(Activity) Using only the entries below, output the lines starting at the one containing "Description: Glock model" and ending at the one containing "除夕夜,长沙五一商圈张灯结彩", exactly and inclusive of both, omitting the pictures.

(Data provided)
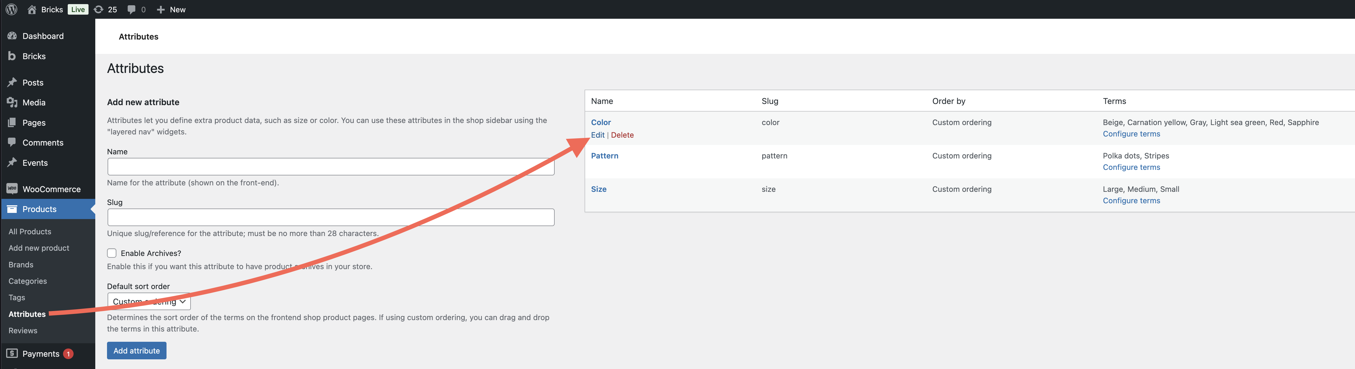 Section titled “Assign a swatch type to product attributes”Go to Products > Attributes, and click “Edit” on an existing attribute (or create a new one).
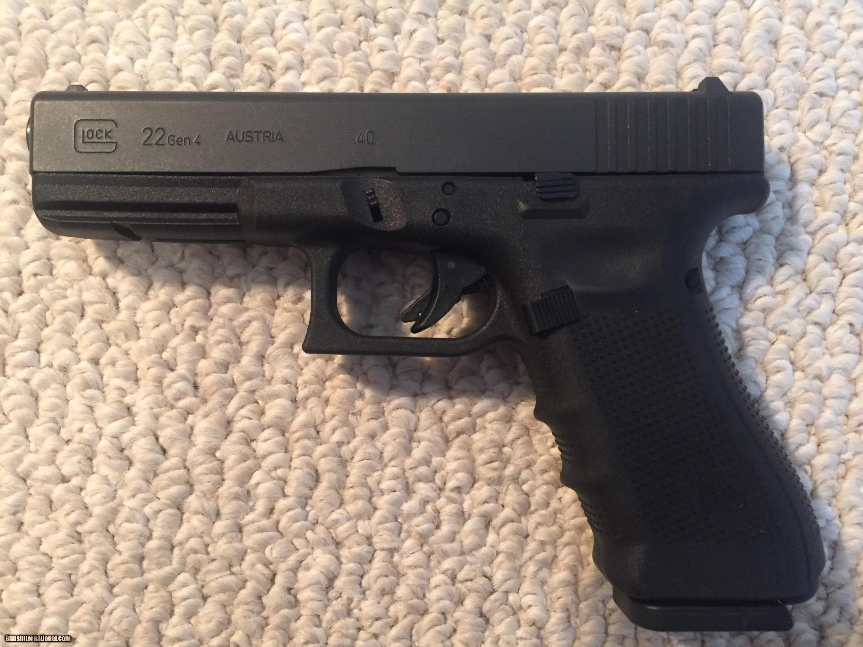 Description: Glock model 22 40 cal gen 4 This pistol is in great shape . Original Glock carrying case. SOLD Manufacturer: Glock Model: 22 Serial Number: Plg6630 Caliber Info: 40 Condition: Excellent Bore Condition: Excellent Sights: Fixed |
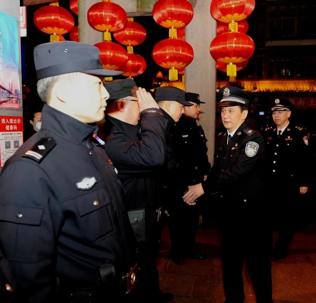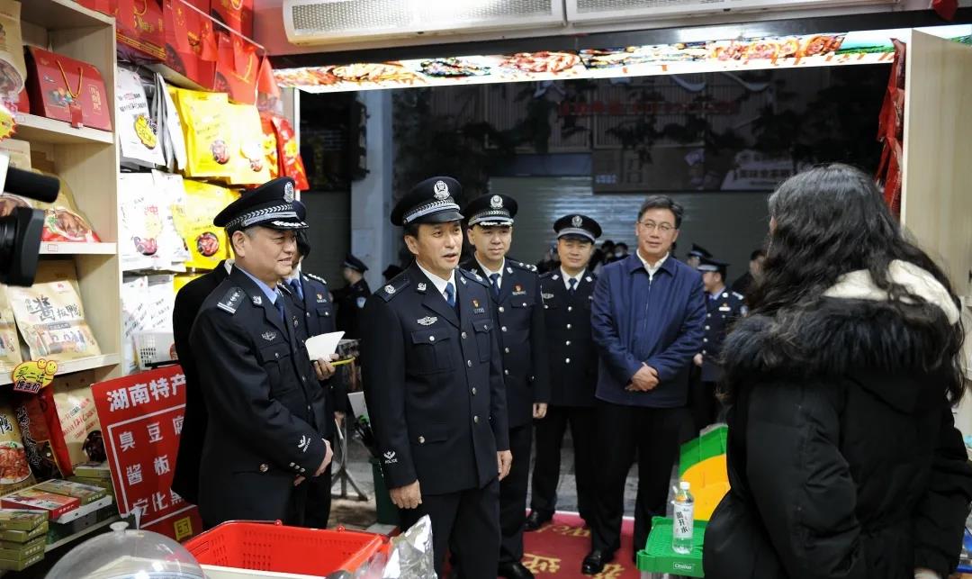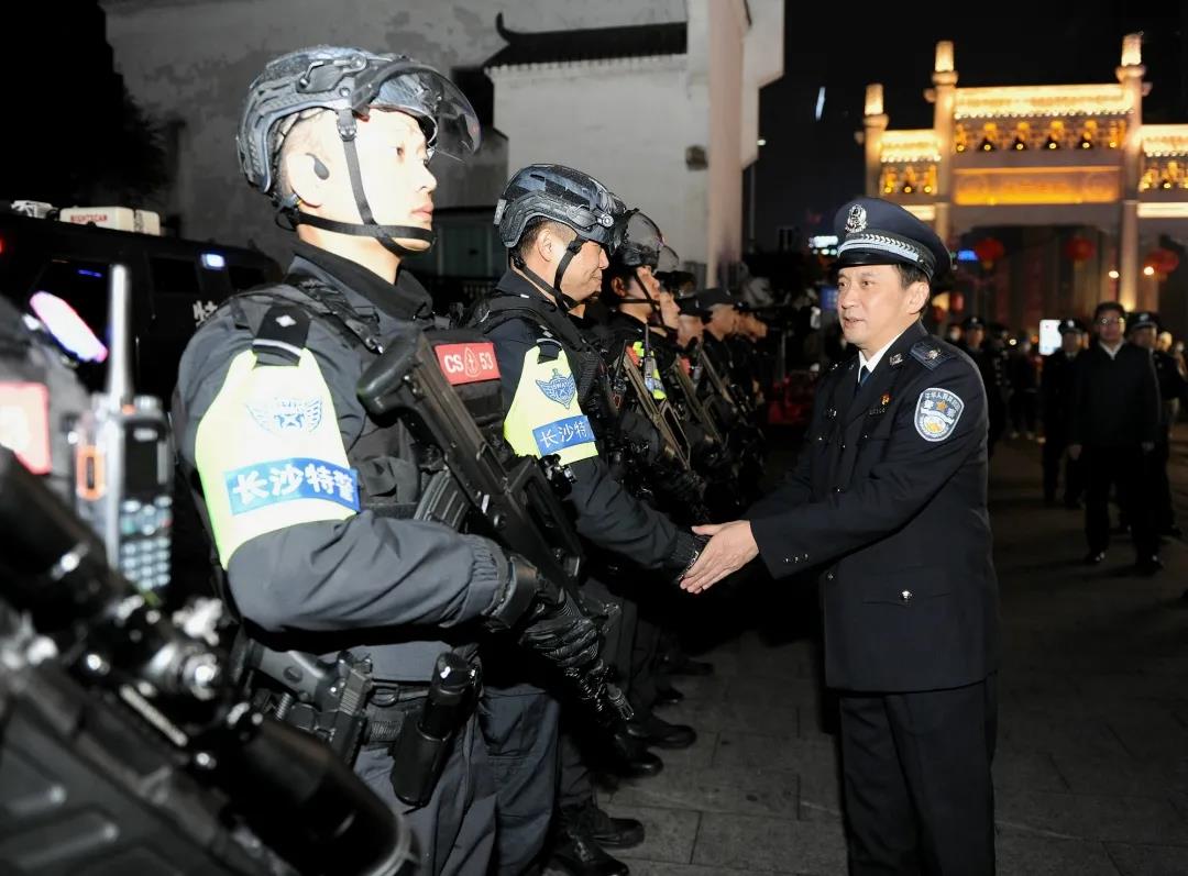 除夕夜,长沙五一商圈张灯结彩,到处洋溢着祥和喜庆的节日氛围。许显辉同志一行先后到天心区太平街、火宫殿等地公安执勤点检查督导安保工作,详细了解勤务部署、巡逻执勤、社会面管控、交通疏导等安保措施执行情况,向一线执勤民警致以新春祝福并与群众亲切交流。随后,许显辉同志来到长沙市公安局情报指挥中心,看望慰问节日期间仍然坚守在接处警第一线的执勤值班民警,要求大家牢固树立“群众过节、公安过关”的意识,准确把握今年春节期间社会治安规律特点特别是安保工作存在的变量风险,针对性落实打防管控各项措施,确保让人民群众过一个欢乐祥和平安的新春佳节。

...

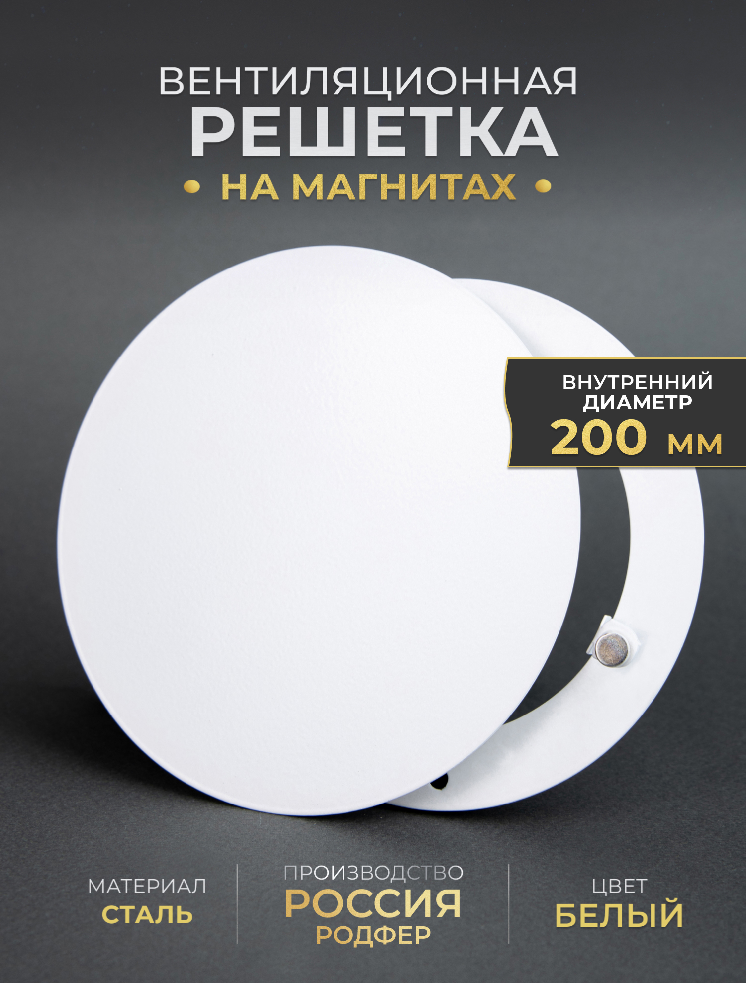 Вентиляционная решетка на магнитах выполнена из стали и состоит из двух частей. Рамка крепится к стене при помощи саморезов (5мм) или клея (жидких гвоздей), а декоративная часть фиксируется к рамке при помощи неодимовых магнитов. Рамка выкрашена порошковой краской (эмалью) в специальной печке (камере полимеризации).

(Answer to this exercise)
 Description: Glock model 22 40 cal gen 4 This pistol is in great shape . Original Glock carrying case. SOLD Manufacturer: Glock Model: 22 Serial Number: Plg6630 Caliber Info: 40 Condition: Excellent Bore Condition: Excellent Sights: Fixed |
 除夕夜,长沙五一商圈张灯结彩,到处洋溢着祥和喜庆的节日氛围。许显辉同志一行先后到天心区太平街、火宫殿等地公安执勤点检查督导安保工作,详细了解勤务部署、巡逻执勤、社会面管控、交通疏导等安保措施执行情况,向一线执勤民警致以新春祝福并与群众亲切交流。随后,许显辉同志来到长沙市公安局情报指挥中心,看望慰问节日期间仍然坚守在接处警第一线的执勤值班民警,要求大家牢固树立“群众过节、公安过关”的意识,准确把握今年春节期间社会治安规律特点特别是安保工作存在的变量风险,针对性落实打防管控各项措施,确保让人民群众过一个欢乐祥和平安的新春佳节。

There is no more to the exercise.